Is there anything else that I can check to see if there should be capacity or is it just the GoodJob::Execution table? also I'm on GJ 3.30 (I know you made some changes recently!)

if it did start we'd see executions_count be greater then 1 right? (it is 1, see below) - so does it mean it didn't execute at all locally then was picked up by the poll interval?

Also confirmed that I dont see any errors during that time on bugsnag (unless its something that is so bad that it doesn't even notify)

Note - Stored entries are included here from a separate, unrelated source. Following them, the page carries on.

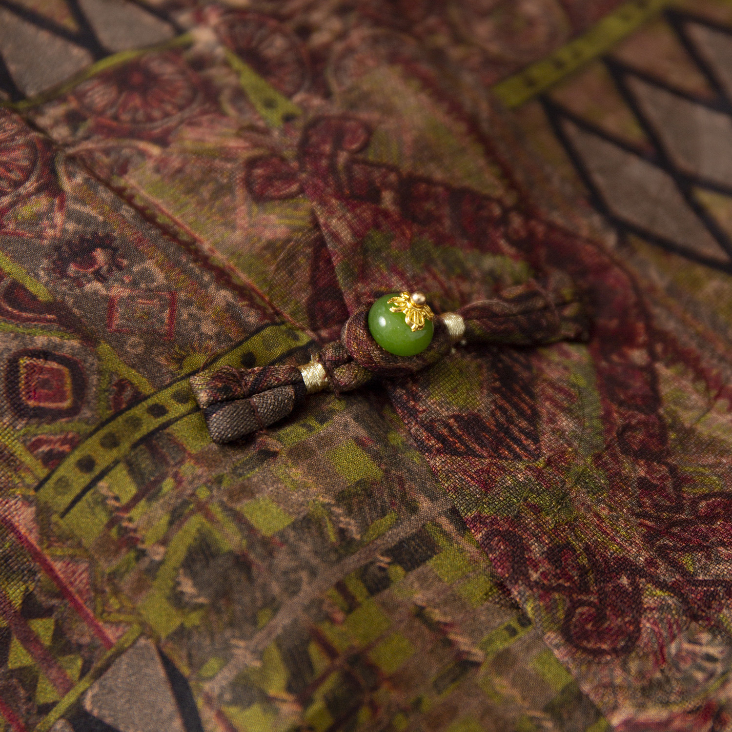 小衫 上衣女新中式 丝艺100%桑蚕丝香云纱花萝国风斜襟盘扣真丝短袖由
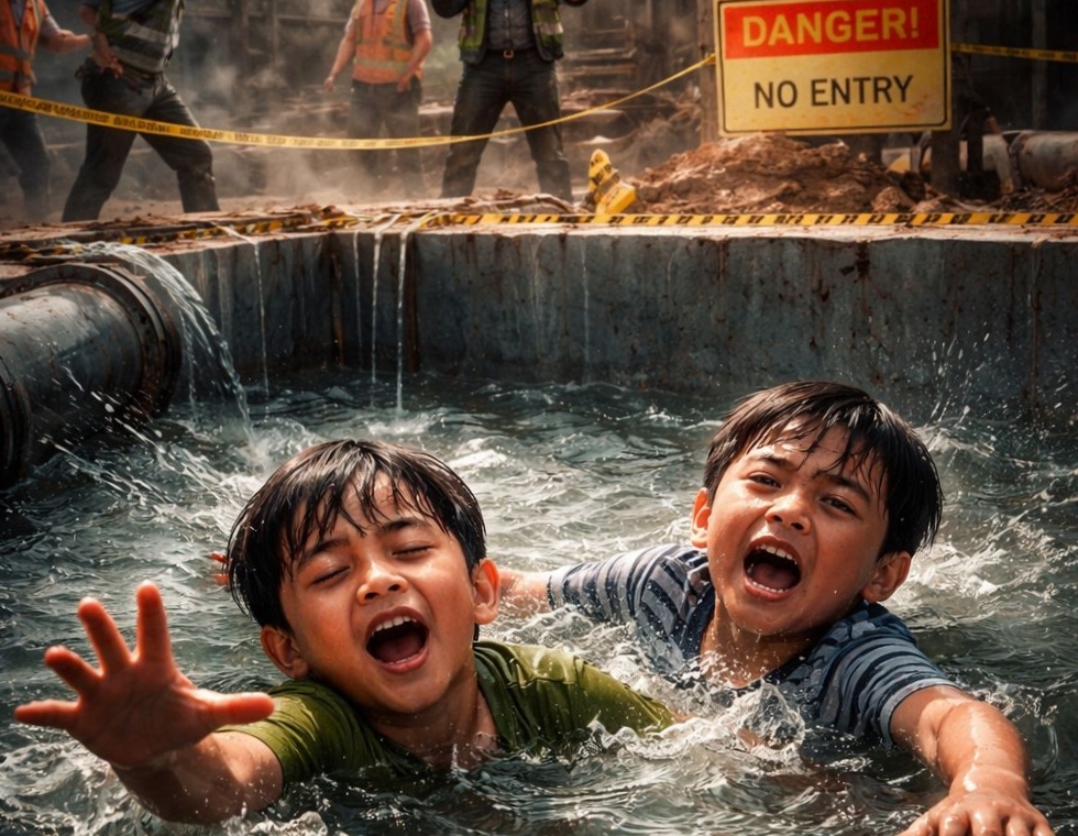 “Innalilahi wa innailaihi rojiun, dua anak kecil meninggal setelah hanyut di kolam proyek,” ungkap warga di sekitar lokasi.
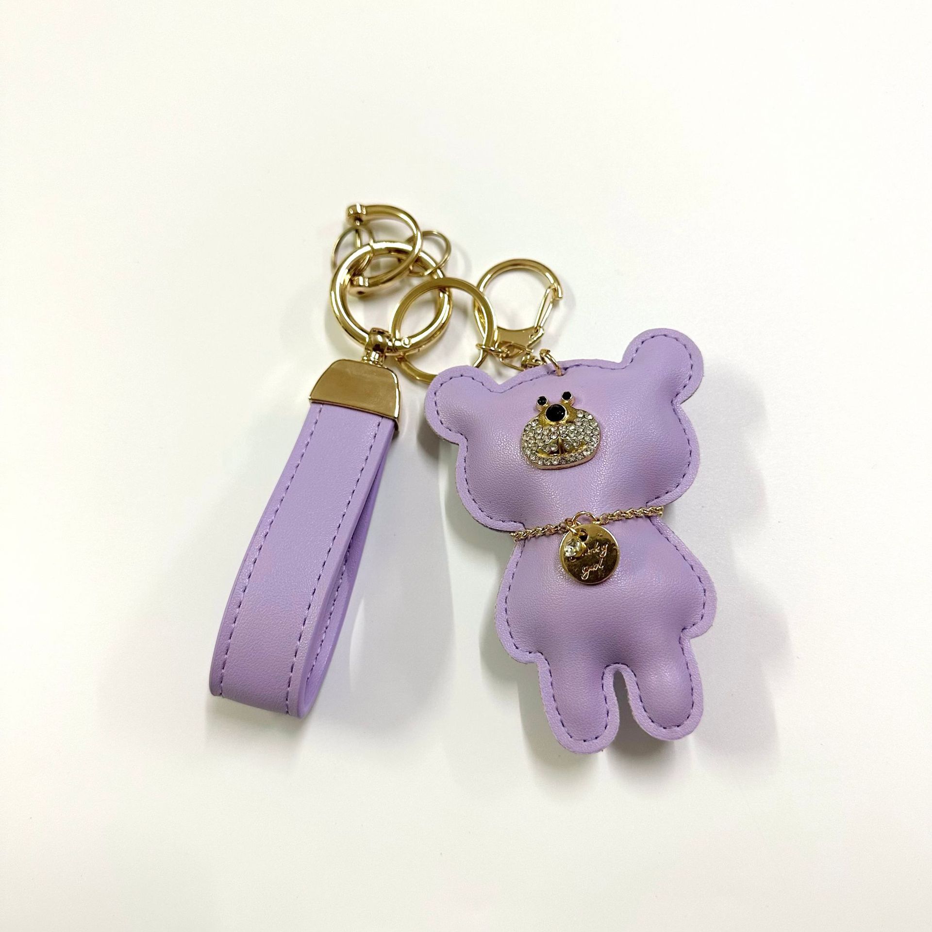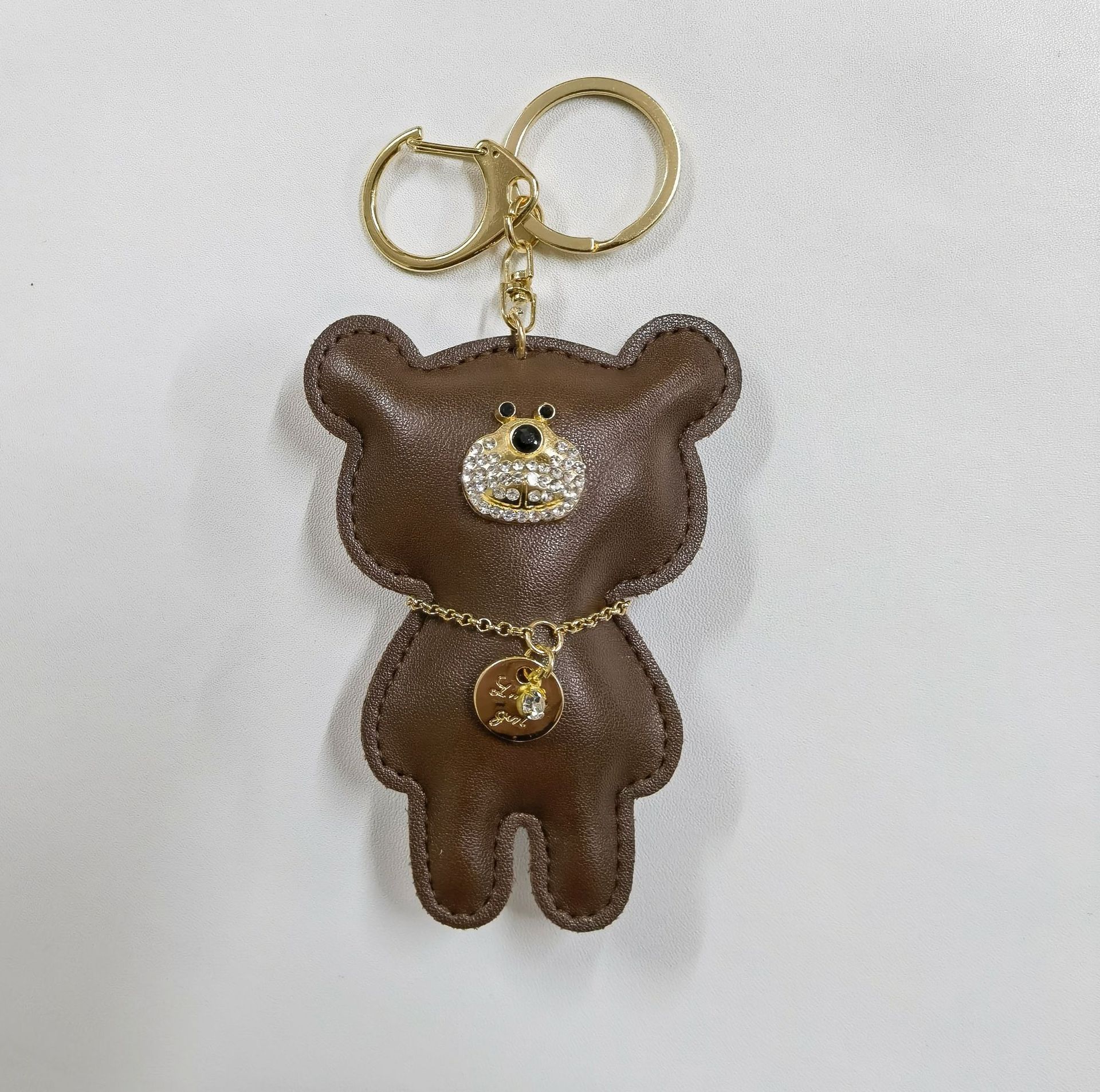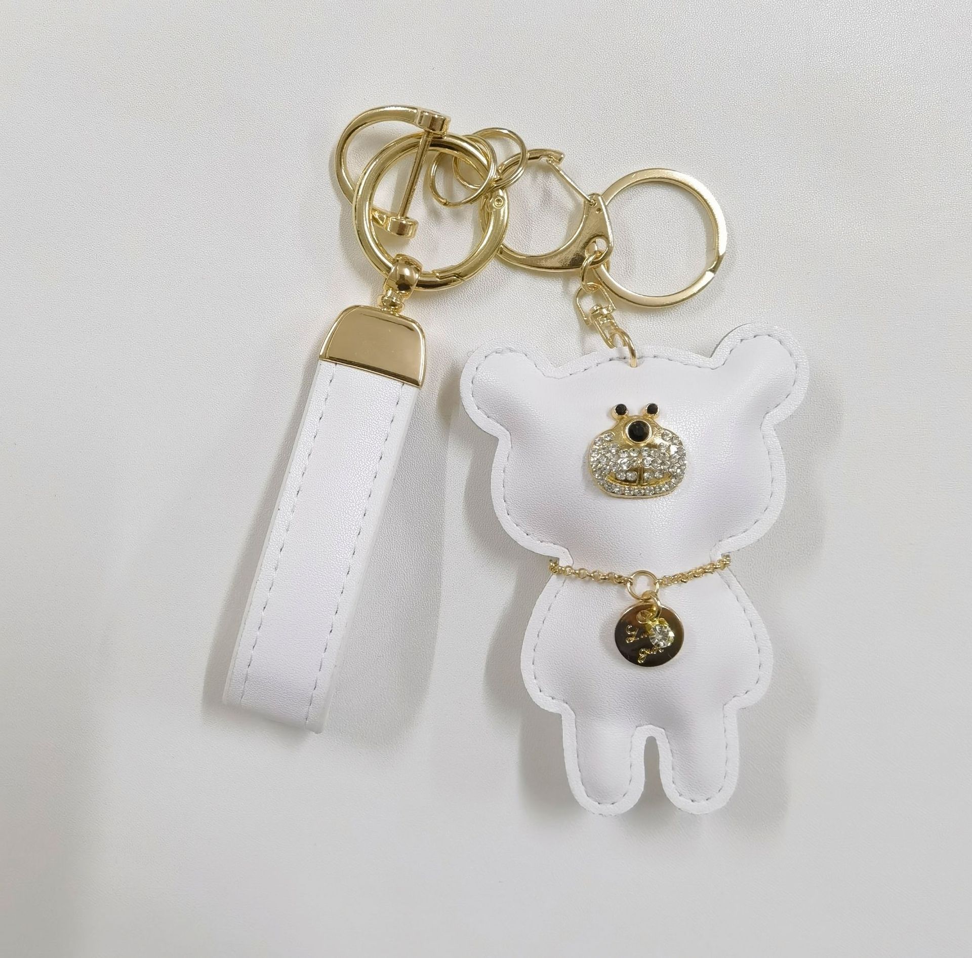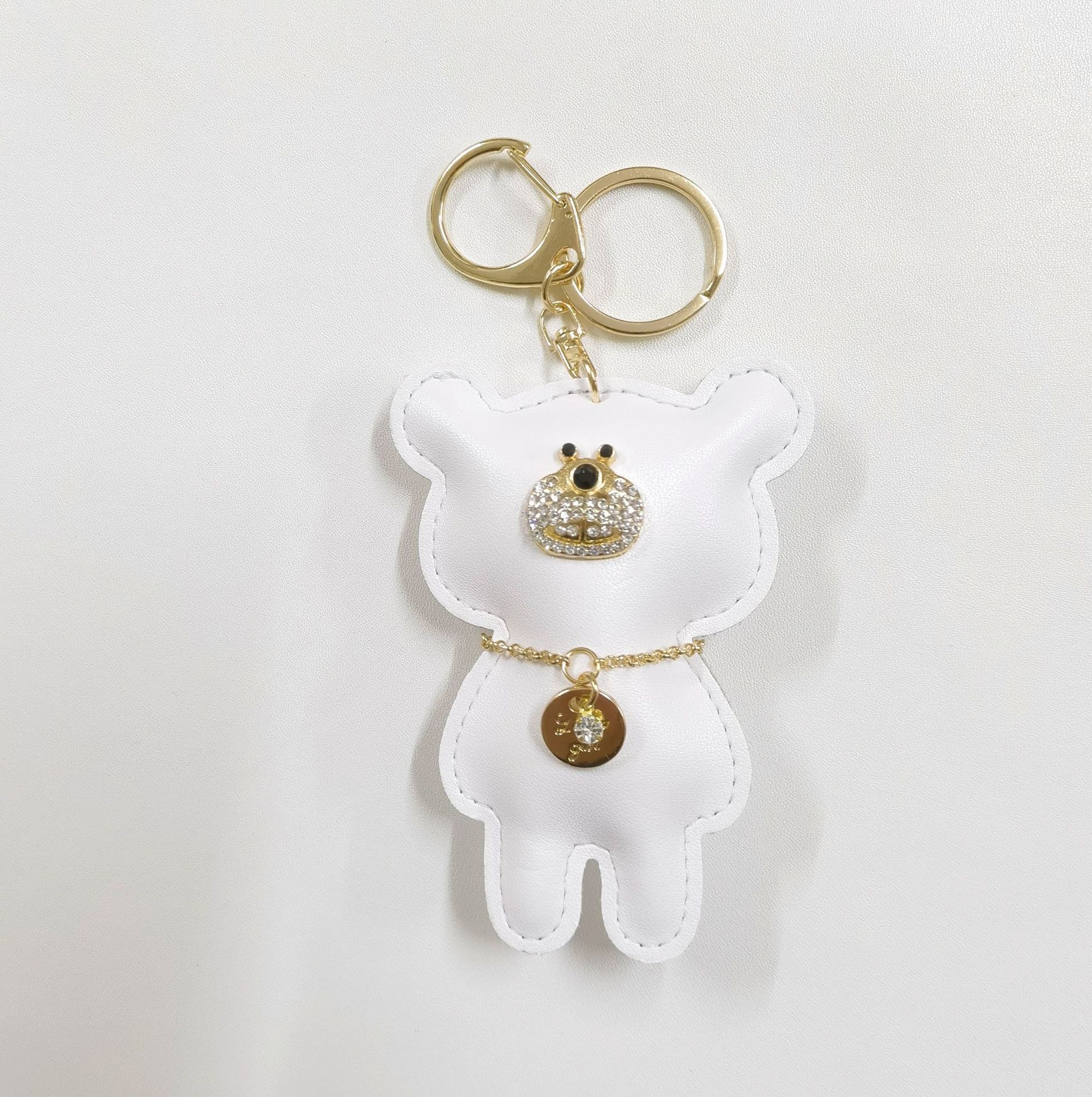 潮流老花小熊皮皮质钥匙扣挂件时尚包包挂件环保料汽车钥匙扣钻熊

#<GoodJob::Execution:0x00007f97394af358
 id: "f89100eb-acc5-4dcd-9200-f575099632f8",
 queue_name: "default",
 priority: 0,
 serialized_params:
  {"job_id"=>"f89100eb-acc5-4dcd-9200-f575099632f8",
   "locale"=>"en",
   "priority"=>nil,
   "timezone"=>"UTC",
   "arguments"=>[1299, "d51fbba6-0529-4f50-b9a8-070d18e2dac2"],
   "job_class"=>"AdvSearchJob",
   "executions"=>0,
   "queue_name"=>"default",
   "enqueued_at"=>"2024-07-14T15:44:29.960717929Z",
   "scheduled_at"=>nil,
   "provider_job_id"=>nil,
   "exception_executions"=>{}},
 scheduled_at: Sun, 14 Jul 2024 15:44:29.960949000 UTC +00:00,
 performed_at: Sun, 14 Jul 2024 15:44:34.537569000 UTC +00:00,
 finished_at: Sun, 14 Jul 2024 15:44:47.520852000 UTC +00:00,
 error: nil,
 created_at: Sun, 14 Jul 2024 15:44:29.960949000 UTC +00:00,
 updated_at: Sun, 14 Jul 2024 15:44:47.522813000 UTC +00:00,
 active_job_id: "f89100eb-acc5-4dcd-9200-f575099632f8",
 concurrency_key: nil,
 cron_key: nil,
 retried_good_job_id: nil,
 cron_at: nil,
 batch_id: nil,
 batch_callback_id: nil,
 is_discrete: true,
 executions_count: 1,
 job_class: "AdvSearchJob",
 error_event: nil,
 labels: nil,
 locked_by_id: nil,
 locked_at: nil>

Also if I understand correctly, a workaround would be to try to run it as "external" to use NOTIFY instead of running locally on the web server, and hope it works in case the issue is the "running locally" part?

bensheldon commented 1 month ago

Thanks for sharing those. That implies that yes, for some unknown reason jobs are not being run in a timely manner.

I would say the quickest option for you to reduce queue latency would be to try reducing your poll interval to 5 seconds, and see if that changes the timing you see.

For GoodJob generally: I'm... not sure. I'm assuming:

Assuming you've applied all the migrations, GoodJob v3.30 is pretty equivalent to 4.0.0; For 3.30 you want to be using GoodJob::DiscreteExecutions which is renamed to Executions in 4.0. You could go back to the executions table and see if the process_id column on GoodJob::DiscreteExecutions is all the same (which would imply only 1 process is executing all the jobs instead of them being distributed).